• onAfterPaste

    Nov 10 2005

    Working with designMode="on" or contentEditable (what can we call this? I want to say Rich Text Editors or Midas Editors Web-Based HTML Editors or something. We don't really have a nice buzzword for this..), a common problem is dealing with pasted content. The user can paste any HTML into these areas, and more often than not, web applications don't want form elements or IFrames or other HTML included in the content.

    It's not so difficult to process the innerHTML of a document to strip out bad HTML using regular expressions. The problem is, when can this cleaning happen?

    Mozilla has no paste events at all. Internet Explorer has onBeforePaste and onPaste events, but no onAfterPaste. onPaste fires when the user pastes, but before the HTML actually goes into the editor. The idea is that the developer has a chance to look into the clipboard using window.clipboardData.getData(). Unfortunately, you can only retrieve the contents in URL or Text format, not HTML. Instead, it would be easier to allow the HTML to be pasted, then process the editor contents afterwards.

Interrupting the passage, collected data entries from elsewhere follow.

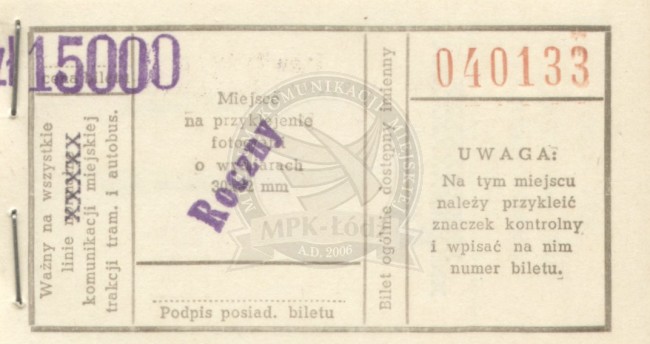 Bilet roczny imienny na wszystkie linie normalne i pośpieszne tramwajowe i autobusowe na terenie całej sieci MPK w województwie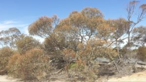 Attractive but perhaps not as showy or majestic as some of its cousins, the name says it all: Eucalyptus socialis, because it lives closely with other Eucalypt species in mallee communities. A Eucalypt that is symbolic for our time when we need strong relationships with other humans and with nature.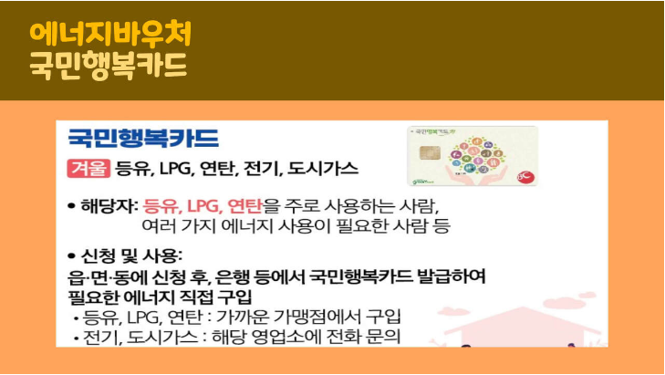국민행복카드 결제의 경우 등유, LPG, 연탄을 주로 사용하거나, 여러가지 에너지를 사용하는 분이 선택하는 사용방법입니다. 읍면동 행정복지센터에서 에너지바우처를 신청 한 후 은행에서 국민행복카드를 발급하면 됩니다. 카드 발급 후에는 필요한 에너지를 직접 구매 후 결제하면 됩니다.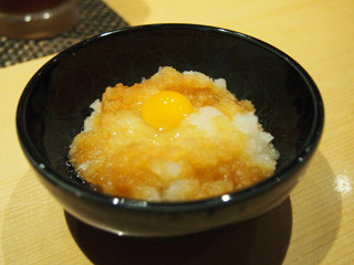 大根おろしにう玉(うずらの卵の黄身)がのっていて、焼き鳥の合間に口直しとしていただきます。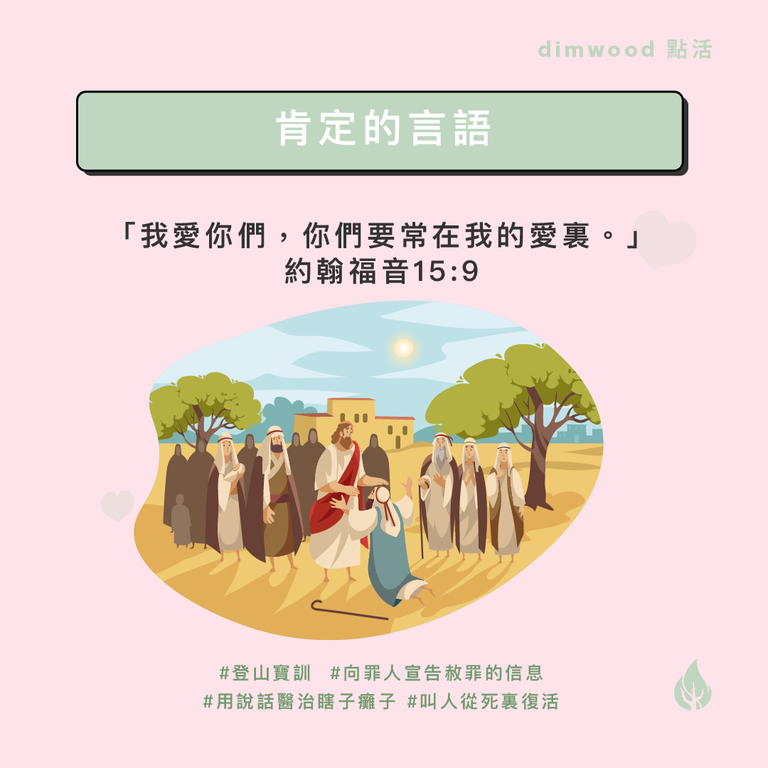 聖誕節,一個充滿愛的節日,是記念二千多年前一位特別人物的誕生,祂的誕生象徵著有一位神對我們世人的愛。祂就是耶穌基督,在聖經中所描述的耶穌,是用甚麼愛的語言表達對世人的愛? 1.肯定的言語 「我愛你們,你們要常在我的愛裏。」約翰福音15:9 耶穌會用說話向世人宣告神的愛,祂既會在山上向五千人傳講天國的信息,也會向在失望和懷疑中的人作出鼓勵。祂曾向一位女兒病得幾乎要死的父親作出信心的安慰、向在眾人面前被控告的女人宣告赦罪的信息、向曾三次不認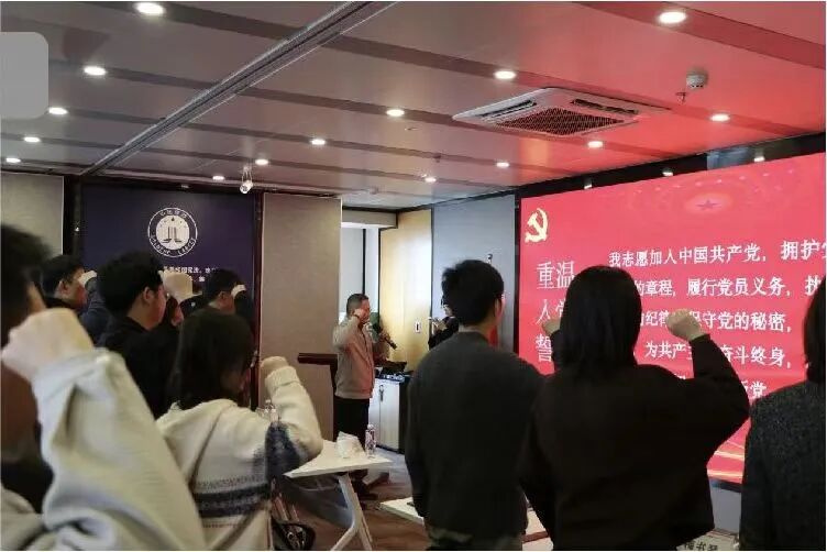 党性教育环节,周桐副书记带领全体党员面向鲜红党旗,庄严举起右拳,重温入党誓词,铿锵有力的誓言回荡全场,深刻彰显了全体党员坚守初心、践行使命的坚定信念与责任担当。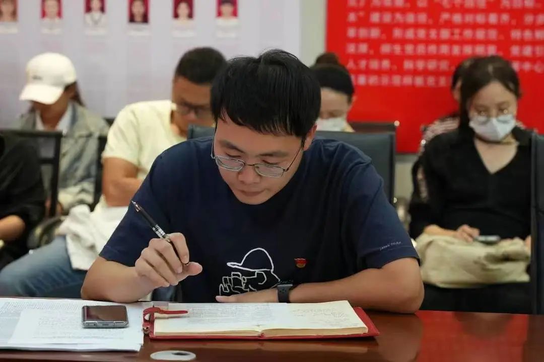2022年10月5日14:00,www.男人天堂党总支在勘物楼A303召开党总支全体党员大会。会议由www.男人天堂党总支书记张颖主持,www.男人天堂院长陈畅、党总支副书记张军红等全体党员参加。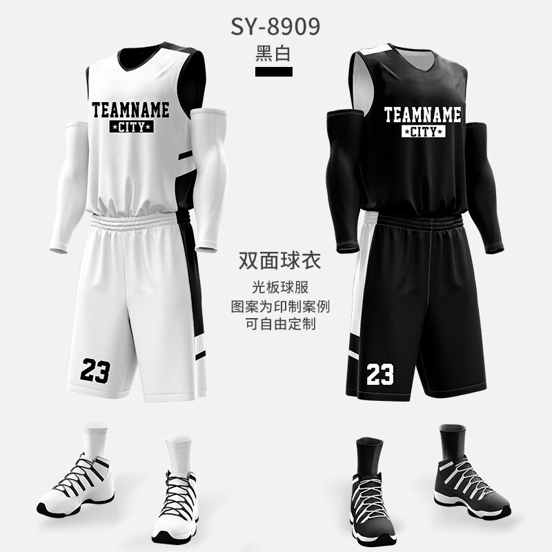 Баскетбольная форма SY8909, 6XL, черно-белая, двусторонняя, с принтом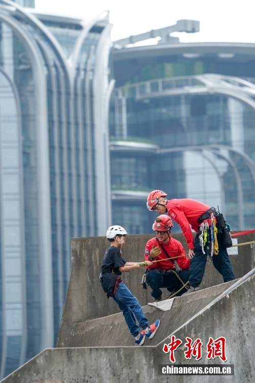 4月11日,今年“全民国家安全教育日”到来前夕,香港民众安全服务队(简称“民安队”)总部举行开放日活动,香港市民通过参与虚拟实境救援、摊位游戏、搜救器材展示等互动体验活动,加深对民安队的认识,增强维护国家安全意识。图为一名小朋友体验斜坡下降搜救项目。

    To accomplish this in Internet Explorer, we can simply set a timeout in the onPaste event. This works by allowing the browser time to finish its internal onPaste event before executing the code in the timeout. The onPaste event needs to be attached to the BODY of the editor IFrame using designMode, or the DIV element when using contentEditable.

    function onPasteHandler(e) {
         setTimeout(function() {
              // editor cleaning code goes here
         }, 1); // 1ms should be enough
    }

    In Firefox, we can't use paste events. However, probably the best we can do is set a keypress handler and look for CTRL+V or SHIFT+INSERT and then do the same thing with a timeout. The keypress event handler needs to be attached to the document element in the IFrame.

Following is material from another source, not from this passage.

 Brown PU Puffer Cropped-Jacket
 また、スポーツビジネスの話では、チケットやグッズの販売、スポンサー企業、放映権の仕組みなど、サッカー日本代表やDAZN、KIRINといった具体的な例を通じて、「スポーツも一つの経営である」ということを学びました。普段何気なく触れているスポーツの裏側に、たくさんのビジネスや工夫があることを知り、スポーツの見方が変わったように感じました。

    function onKeyPressHandler(e) {
         if ((e.ctrlKey && e.keyCode == e.DOM_VK_V)
          || (e.shiftKey && e.keyCode == e.DOM_VK_INSERT)) {
              setTimeout(function() {
                   // editor cleaning code goes here
              }, 1);
         }
    }

    This should only work with Mozilla/Firefox because e.DOM_VK_V and e.DOM_VK_INSERT are not defined in Internet Explorer.

    Also note that there are still other ways to get HTML into the editor through Drag-and-Drop, or by using Edit>Paste on the Firefox menu. If you are serious about stripping HTML you will need to do it at other times as well. At least this way it will happen quickly enough that the editor won't misleadingly contain these elements, only to strip them out at an unpredictable time in the future.

  • Comments

    1. Miguel at 10:27am on July 13, 2006


    Hi Jesse!

    Opera 9 cleans the MSWord trash code when you paste it in a RTF editor...

    This navigator has a onAfterPaste event?

    2. Justin Taylor at 9:01pm on September 25, 2006

    Just to let you know, Mozilla supports an onInput event which can be used for pasting. It is conveniently launched AFTER the data is pasted in to a field.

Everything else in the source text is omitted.